◆ **The task**
Leaving the pictures aside, transcribe the data below exactly.

◆ **Supplied material**
========================

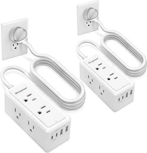2 Pack Power Strip Surge Protector-6 Widely Spaced Outlets 4 USB Ports(2 USB C Port,PD 20W),1250W/10A with 5Ft Extension Cord, Power Strips with Surge Protection, Wall Mount for Home Office,White.
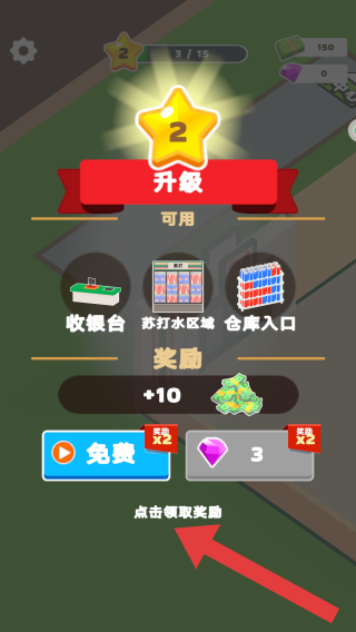3、顯示等級升級到2極,可建造多個區(qū)域等級就會越來越高,每次升級都會獲得獎勵金幣+10。
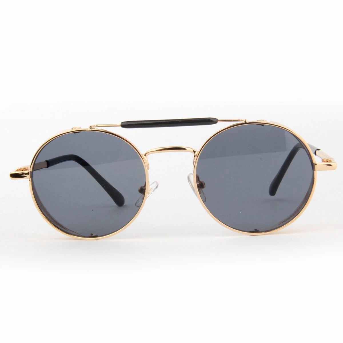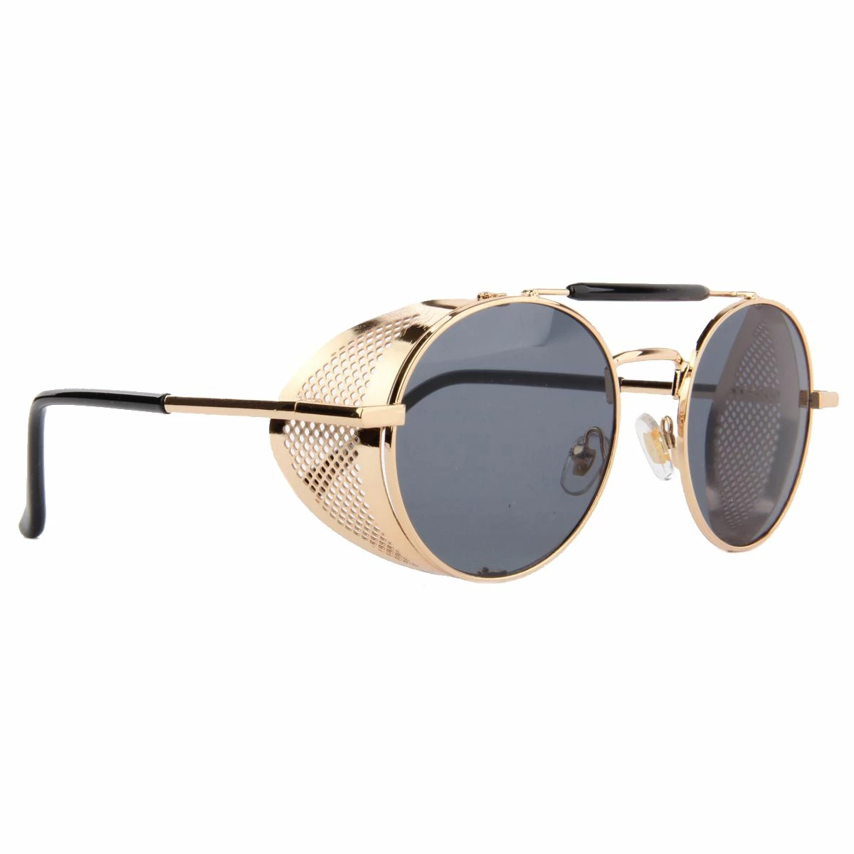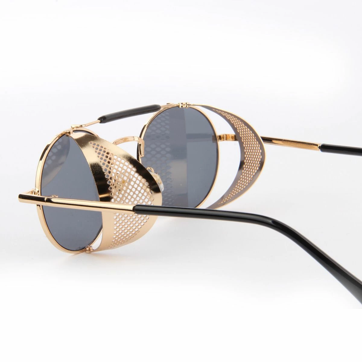 Goedkleurige, stoere heren zonnebril met verstelbare zijkleppen. Met deze bril maak je je foute party of steampunk outfit helemaal af.

========================

◆ **Task response**
2 Pack Power Strip Surge Protector-6 Widely Spaced Outlets 4 USB Ports(2 USB C Port,PD 20W),1250W/10A with 5Ft Extension Cord, Power Strips with Surge Protection, Wall Mount for Home Office,White.
3、顯示等級升級到2極,可建造多個區(qū)域等級就會越來越高,每次升級都會獲得獎勵金幣+10。
 Goedkleurige, stoere heren zonnebril met verstelbare zijkleppen. Met deze bril maak je je foute party of steampunk outfit helemaal af.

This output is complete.